Teriyaki Mushroom Noodles

April 10, 2014

The first cookbook I ever bought was the Betty Crocker Cookbook (I have the tenth edition; the fact that there's a newer one out is making me feel kind of old).  It's still the cookbook I turn to most often, for the hummus that I bring to potlucks, the deviled eggs Mike makes whenever we have a party, and comfort foods like au gratin potatoes and macaroni and cheese.  It's also the resource that I use for seemingly simple bits of information that I can never quite memorize: how long to boil eggs, the oven temperature for baking spaghetti squash, and how much water to use when cooking jasmine rice.  Since transitioning to a mostly vegetarian diet, I tend to get most of my new recipes from vegetarian cookbooks or the Internet, but I recently came across an intriguing recipe for teriyaki noodles in the Betty Crocker Cookbook's short vegetarian chapter.  I wasn't so much interested in the teriyaki or the noodle part.  What caught my eye were the mushrooms.  Since I am quite capable of downing an entire half-pound package for dinner, a vegetarian recipe calling for substantial quantities of three types of mushrooms is high on my list of must-try recipes.

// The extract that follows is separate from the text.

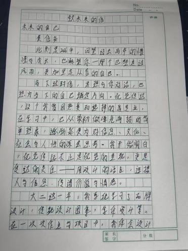 刘友鹏完成《给自己的一封信》实践任务,复盘过往学习生活的得失,梳理困惑与收获,明确新学期目标与方向。落笔间学会自我审视,更懂接纳不足、坚定初心,既沉淀了思绪,也收获了前行动力,为新阶段成长筑牢基础。

Since my grocery store didn't carry the soba noodles that the recipe called for, I used the recommended substitution of whole-wheat spaghetti noodles with good results.  Be sure not to leave out the dried mushrooms: although they make up a small portion of the mushrooms by volume, their smoky flavor provides a complex flavor throughout the dish.

Adapted from Betty Crocker

Ingredients:

Teriyaki Mushroom Noodles Ingredients  
  • 1/2 ounce dried shitake mushrooms
  • 1 tablespoon sesame seeds
  • 7 ounces dry whole-wheat thin spaghetti noodles
  • 1 tablespoon olive oil
  • 1 large onion, thinly sliced (about 3 cups)
  • 8 ounces white mushrooms, sliced
  • 8 ounces baby portabello mushrooms, sliced
  • 1/4 cup teriyaki sauce
  • 1/4 cup chopped fresh cilantro

Place dried mushrooms in small bowl and cover with hot water.  Soak for 20 minutes or until soft.  Drain and squeeze mushrooms to remove excess water, remove stems, and slice.

Meanwhile, toast sesame seeds in a medium skillet over medium heat, shaking pan frequently, until golden brown, about 5 minutes.  Remove from heat.

Prepare noodles according to package directions and drain.

Meanwhile, heat a large skillet over medium-high heat.  Add oil and tilt to evenly coat.  Add onions and cook, stirring frequently, until onions are soft and starting to brown, about three minutes.  Reduce heat to medium and stir in shitake, white, and baby portabello mushrooms.  Cook, stirring frequently, until mushrooms begin to soften, about three minutes.  Add teriyaki sauce and partially cover pan.  Cook for two minutes, or until mushrooms are tender.  Add noodles and toss until noodles are coated with teriyaki sauce.

Serve garnished with cilantro and toasted sesame seeds.